Social Skills lead to more confidence

social skills Jul 29, 2023
Social Skills lead to more confidence

Recently, I watched a Youtube short by Vinh Giang where he talks about a friend he had in high school. He talks about his friend's ability with an instrument and connects it to social skills in a brilliant way. After hearing the comparison, it makes total sense. When we learn social skills, we are mastering our instrument. When we master something, we become more confident. Based on my own experience, I can attest to the argument that social skills lead to more confidence.

Take a look at people who have amazing social skills. These people tend to be so confident and radiant.

It makes sense that we become more confident when we have good social skills. We are social animals after all.

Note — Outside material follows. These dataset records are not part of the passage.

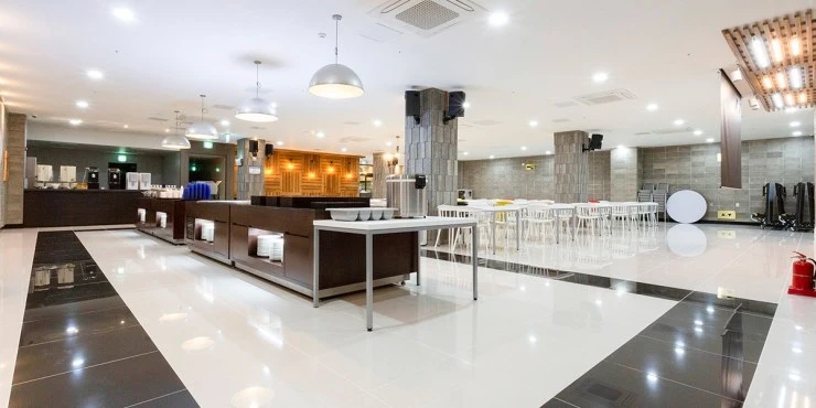 다양한 메뉴가 뷔페식으로 제공된다. 이용 요금은 성인 12,000원 / 소인 9,000원 / 유아 무료이다. 합리적인 가격에 아침 식사가 가능하다.
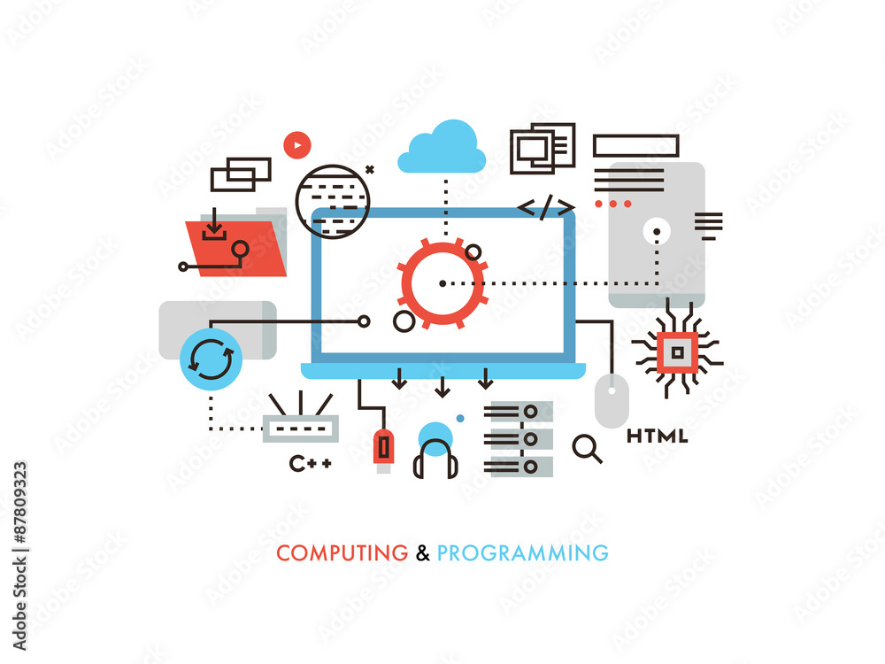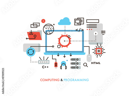 The watermark will not be included on Wall mural.: Computing and programming flat line illustration
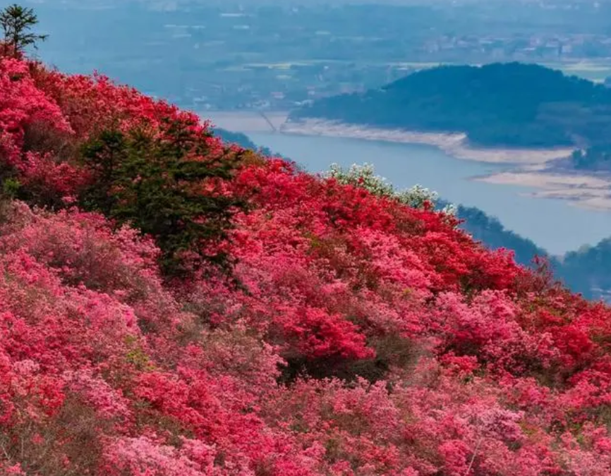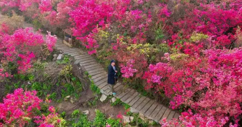 晚上的東湖櫻花園。 武漢市園林植物園:該園是武漢最古老的公園之一,有著濃鬱的古典園林風格和悠久的歷史,同時也是武漢觀賞櫻花的熱門去處,園內的櫻花種類繁多,景色非常美麗。 當然,除了櫻花,還可以觀賞其他—— 黃陂雲霧山——滿山杜鵑花開 都知武漢櫻花美,不識黃陂杜鵑紅。位於武漢黃陂區的雲霧山四月最美的萬畝杜鵑花才剛剛開始,紅的似火,艶若雲霞。雲霧山位於武漢市黃陂區李家集街道泡桐店境內,自古以來就有“西陵勝地,漢地祖山”的美譽。春天的時候只見漫山遍野的杜鵑花如期綻放,在坳間,在山崖上,綠色和紅花相得益彰,一叢叢的綠,綠得青翠欲滴;一簇簇的紅,紅得像一片片火焰。滿山滿穀都是搖曳的彩色,風吹花浪滾滾,如雲似霞,大山以燦爛的姿態迎接春天的到來。
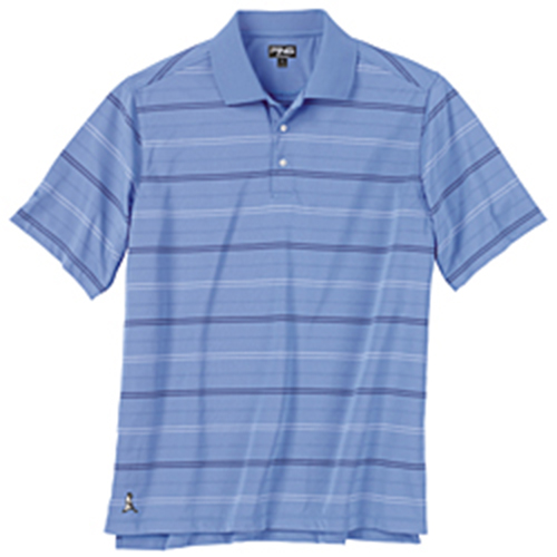 Ping Marshal Polo - Lagoon Classically styled polo in a bold 3 color stripe with a subtle texture. PING embroidery on right sleeve and Mr. Ping at hem. P3 Fabric Technology. 100% Performance Polyester. |
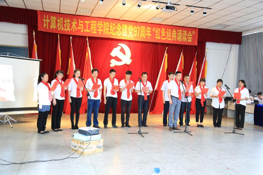 6月27日,计算机学院在第九教学楼四楼报告厅举办了“红色经典诵读会”。7个党支部诵读了《红色的七月》《可爱的中国》《少年中国说》等多篇名家名作的红色经典诗文。诵读会现场气氛庄严而热烈,每一位诵读者都满怀敬仰,倾情演绎,深情表达对党的忠诚、对祖国的热爱,并表示要将其转化为工作和生活的实际行动。计算机学院全体教职工及学生代表共百余人参加了此次活动。
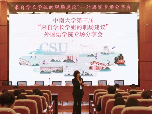 本次经验分享会在热烈的掌声中圆满结束。三位优秀校友前辈结合自身经历在职业选择、求职准备、职场适应以及职业发展等方面为同学们进行了分享,同学们也同优秀前辈们进行了互动,在答疑环节,同学们积极发问,前辈们耐心回答,整个会场气氛融洽。校友的求学经历和求职之路无不建立在中南人努力拼搏的精神之上,他们的经验是在校学生走好人生之路最生动、最有效、最令人信服的教科书。愿外语院学子能够学习前辈们自强不息的精神,在奋斗中不断学习成长,于今后的人生道路中创出新的辉煌!
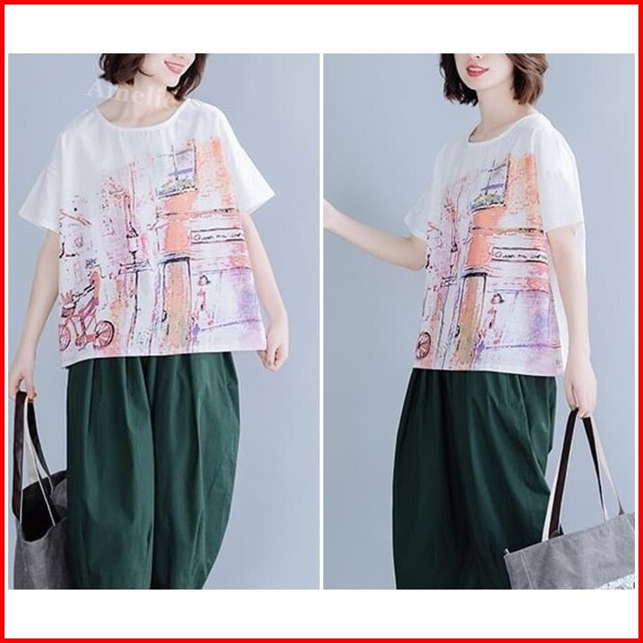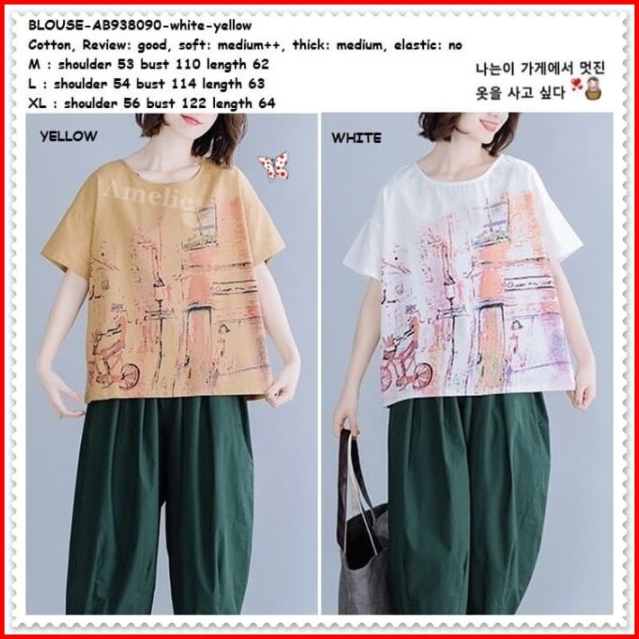 Ab938090 Baju Atasan Katun Wanita Blouse Korea Import Putih White

Rather than tell you this and send you off, I want to give you some ways to develop your social skills so you can lead yourself to more confidence. Here are the two biggest tips I can give you.

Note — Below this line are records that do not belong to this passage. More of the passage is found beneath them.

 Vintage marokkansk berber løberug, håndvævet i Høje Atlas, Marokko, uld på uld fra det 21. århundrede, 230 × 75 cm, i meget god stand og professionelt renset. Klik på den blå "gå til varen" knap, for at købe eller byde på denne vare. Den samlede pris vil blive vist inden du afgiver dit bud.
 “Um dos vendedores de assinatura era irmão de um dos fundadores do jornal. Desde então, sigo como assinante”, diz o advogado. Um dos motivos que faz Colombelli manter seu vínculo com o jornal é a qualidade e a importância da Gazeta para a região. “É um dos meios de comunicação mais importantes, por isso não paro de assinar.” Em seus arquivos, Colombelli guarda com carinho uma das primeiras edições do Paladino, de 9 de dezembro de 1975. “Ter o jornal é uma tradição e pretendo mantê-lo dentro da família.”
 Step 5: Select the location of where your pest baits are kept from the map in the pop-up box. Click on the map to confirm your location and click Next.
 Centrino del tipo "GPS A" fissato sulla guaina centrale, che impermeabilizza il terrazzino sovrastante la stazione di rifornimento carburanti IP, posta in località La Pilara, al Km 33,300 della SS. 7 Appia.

1. Know your own sense of humor

Everybody loves to laugh. Everybody loves a good time. But if you can't make people laugh, having a good time is a lot harder to do. The easiest way to make people laugh is to know your sense of humor, specifically what kind of humor best fits you.

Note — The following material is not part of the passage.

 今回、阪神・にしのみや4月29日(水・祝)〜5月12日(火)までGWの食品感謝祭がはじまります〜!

This requires you to do some self-reflection, but it's worthwhile. You kind of already know what sense of humor you have.

You just have to pay attention to what you find funny or amusing. An easy way to figure out the specifics is to watch comedy routines on YouTube or think back to moments that you found to be funny or amusing.

Note, I said funny OR amusing. Oftentimes, we equate humor with funny. In reality, humor is more often than not amusing and not necessarily funny.

It's possible to make somebody laugh without being funny. I don't think anybody would think that sarcasm or teasing is funny the majority of the time.

Yet, these things make people laugh so much. They have a lot of fun with it, and that's the key.

To find your sense of humor, you need to find your sense of fun. Is sarcasm your style of fun? Is it absurdity? Is it making smooth, funny jokes?

The key to being funny is to be fun. If you want to easily find and hone your sense of humor, you need to know your style of fun.

2. Make actual connections

As much as you can have interactions that are super fun, a lot of them tend to fade into memory. You forget them no matter how fun they were, people especially. This is because there is no connection between you and them, whatever they are.

When we interact with others, we have the opportunity to create a truly unique moment with them. Yet, most of us ruin it by keeping it way too surface-level.

This doesn't mean you need to tell each other your life story, that's going overboard. However, learning about each other's hobbies or interests is not a bad thing.

To make actual connections with others, we want to ask questions about them. From simple ones like how their day was, to ones that are more involved like what kind of hobbies they have or what a typical day looks like for them.

If you've ever suffered from interactions dying down too early and not knowing what to do, it's extremely likely that you kept the conversation way too surface-level.

It's ok to dive a little into some detail. This does require a bit of skill and quick thinking on your part, which is why it's best for you to practice by talking to others.

Next time, when you ask somebody a question about themselves, listen to something that you can continue the conversation with.

On the flip side, when you are talking to somebody about yourself, it's best to leave multiple different threads they can pull in to continue the conversation.

Once you've gotten this down, your conversations will end up becoming much deeper much faster.

A science, but not for rockets

In general, good social skills revolve around making things easier for the other person to become engaged in the conversation without hurting them. This is actually much easier than most people think.

You don't need the perfect response. You don't need to say every word perfectly either. 

You just need to convey your intent properly and your social skills will lead you to more confidence in no time.